Better guidelines needed for multimorbidity
New clinical guidelines need to be developed to help doctors provide better care for people with more than one chronic illness, according to a research team led by the University of Dundee.
In an article published in the British Medical Journal, the research team - which includes the Universities of Dundee, Glasgow and Manchester and the National Institute for Health and Clinical Excellence (NICE) - say that existing guidelines which concentrate on individual diseases are not best serving clinicians or patients where a number of chronic conditions have to be treated.
"Doctors and other professionals often use guidelines to inform their clinical decision making, and clinical guidelines have played an important part in making healthcare more consistent, efficient, and systematic," said Professor Bruce Guthrie, of the Medical Research Institute at the University of Dundee.
"Through the National Institute for Health and Clinical Excellence and the Scottish Intercollegiate Guidelines Network (SIGN), the UK is a world leader in guideline methodology, and guideline development and implementation.
"Despite their success, clinical guidelines are almost always focused on making recommendations about the treatment of individual diseases, which can make their use in clinical practice problematic. This is because most people with long term conditions have more than one chronic illness, particularly older people in whom multiple chronic illnesses (multimorbidity) are the norm.
"For example, 93% of people with coronary heart disease (heart attacks or angina) have at least one other chronic condition, and a fifth have five or more other conditions.
"This creates a paradox - every individual guideline recommendation may be rational and strongly evidence based, but the cumulative effect of recommendations for multiple chronic conditions may not be appropriate as recommendations are contradictory or treatments recommended interact, or because the burden imposed on patients in terms of numbers of drugs, non-drug therapies (diet, exercise, physiotherapy and so on), and attendance for investigation or follow-up may be overwhelming and not feasible for some people with multiple conditions.
"There will of course be many situations where all guideline recommendations are non-contradictory and appropriate, but previous studies in the USA have shown that guidelines there only occasionally address multiple conditions and recommendations are frequently inconsistent or would produce undesirable drug interactions if implemented.
"Decision making in this situation is complex for both clinicians and patients, but existing guidelines are not ideal for supporting either in deciding the best course of action because they are disease based."
Working with colleagues at the Universities of Manchester and Glasgow, and NICE, Professor Guthrie is leading a research project to implement a new approach to guideline development to help address these problems, and examine its methodological feasibility.
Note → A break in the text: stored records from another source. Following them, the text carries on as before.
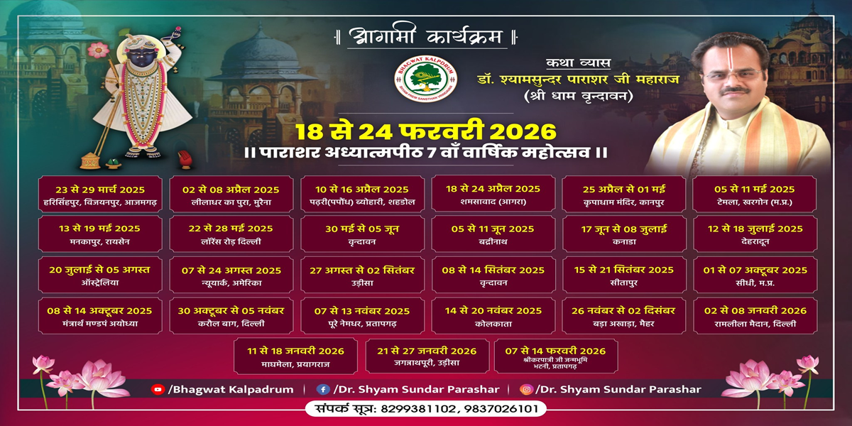 मध्य प्रदेश ग्वालियर में माता पार्वती नदी के पावन तट पर नगर भितरवार में श्री शास्त्री जी का जन्म 8 जून 1967 तदनुसार वट् अमावस को एक सद्गृहस्थ परिवार में हुआ। आपने श्रीधाम वृन्दावन में व्याकरण वेद शास्त्रों सहित श्रीमद्भागवत का अध्ययन वेदमूर्ति श्री राजवंशी जी द्विवेदी द्वारा श्री धर्म सङ्ग संस्कृत विद्यालय रमणरेती वृन्दावन में किया, जो धर्मसम्राट श्री स्वामी करपात्री जी द्वारा प्रतिष्ठापित है।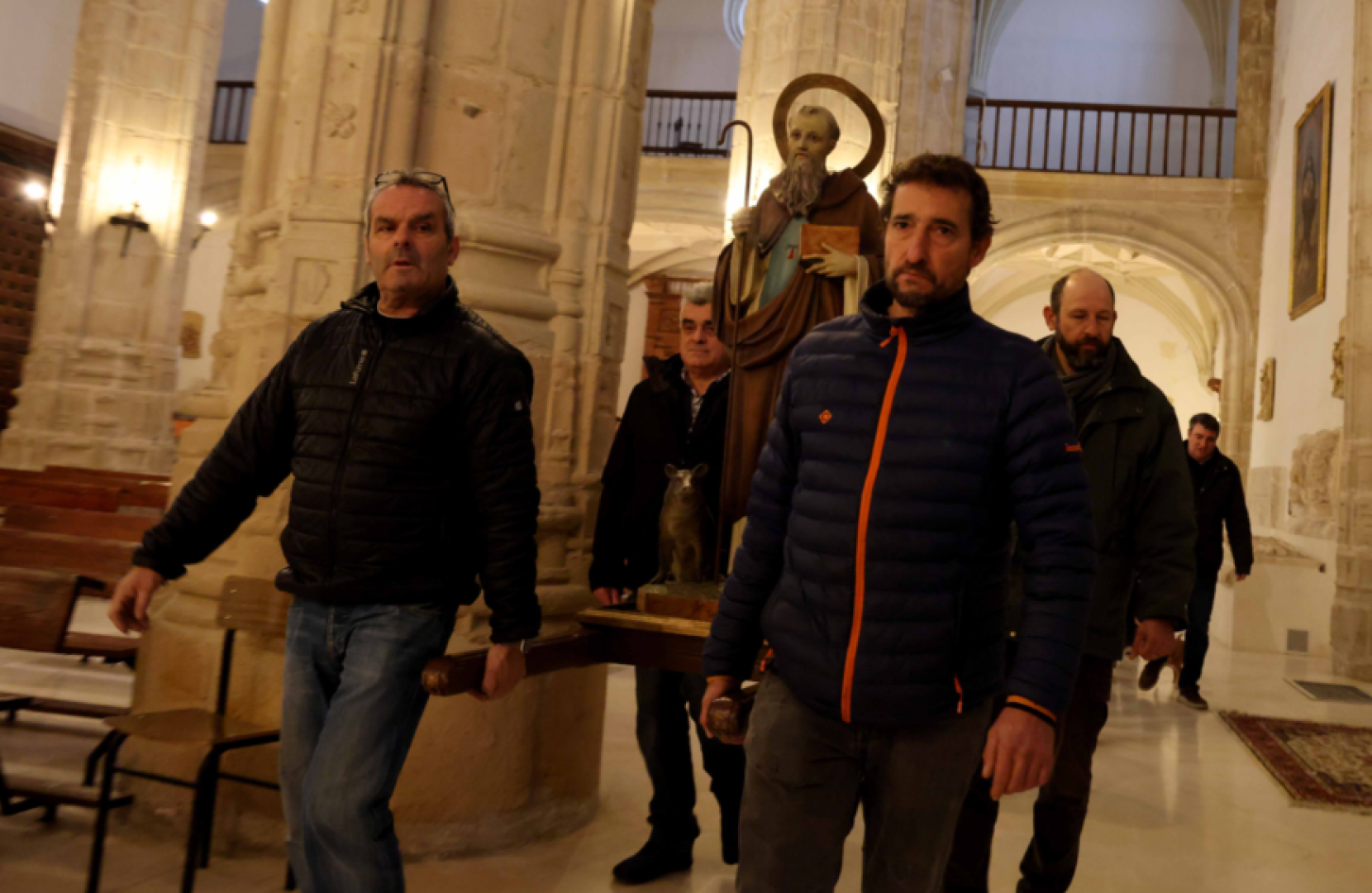 Por la Puerta de la Santísima Trinidad, los animales ingresaron al templo y presenciaron la ceremonia desde la parte trasera del templo. La procesión del Santo, animada por el coro parroquial, recorrió la nave del templo en tres vueltas antes de la bendición de panes y mascotas, resaltando la unión de la fe y el respeto por la vida animal.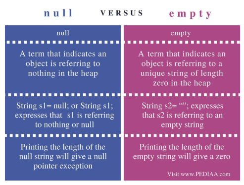 "null is used to refer to nothing while empty is used to refer to a unique string with zero length."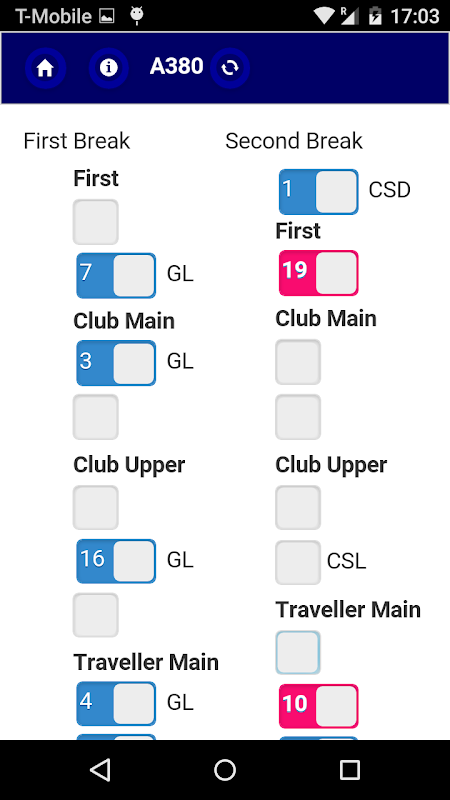 Working positions for all BA worldwide aircraft and variants, sorted by breaks and responsibilities. Use in pre-flight briefing to help you choose your working position. Click each position as it is chosen. It disappears leaving remaining positions available to choose from. No more writing positions down and crossing off and working out which break, or if duty free or galley. Easy!

Professors Katherine Payne and Matt Sutton, from the Centre of Health Economics at The University of Manchester, are leading the economic component of the study.
Professor Payne said: "Economic evidence is often used to inform the development of clinical guidelines to provide decision-makers with information on the relative cost effectiveness of the individual interventions included in the guidelines. This study aims to explore if, and how, it is feasible to generate economic evidence to support the development of clinical guidelines involving multiple interventions for people with multiple chronic conditions."
Professor Guthrie added: "This work is exploratory, but if successful will make guideline recommendations more relevant for people with multimorbidity."
The project follows on from previous research published in The Lancet earlier this year by Professor Guthrie and colleagues which showed that having two or more co-existing conditions is the norm for most people with chronic disease, and although the prevalence increases with age, more than half of all people with multimorbidity are under 65.
That paper claimed that health systems in the UK and other developed countries were not devised to deal with this scenario and must be radically changed to cope.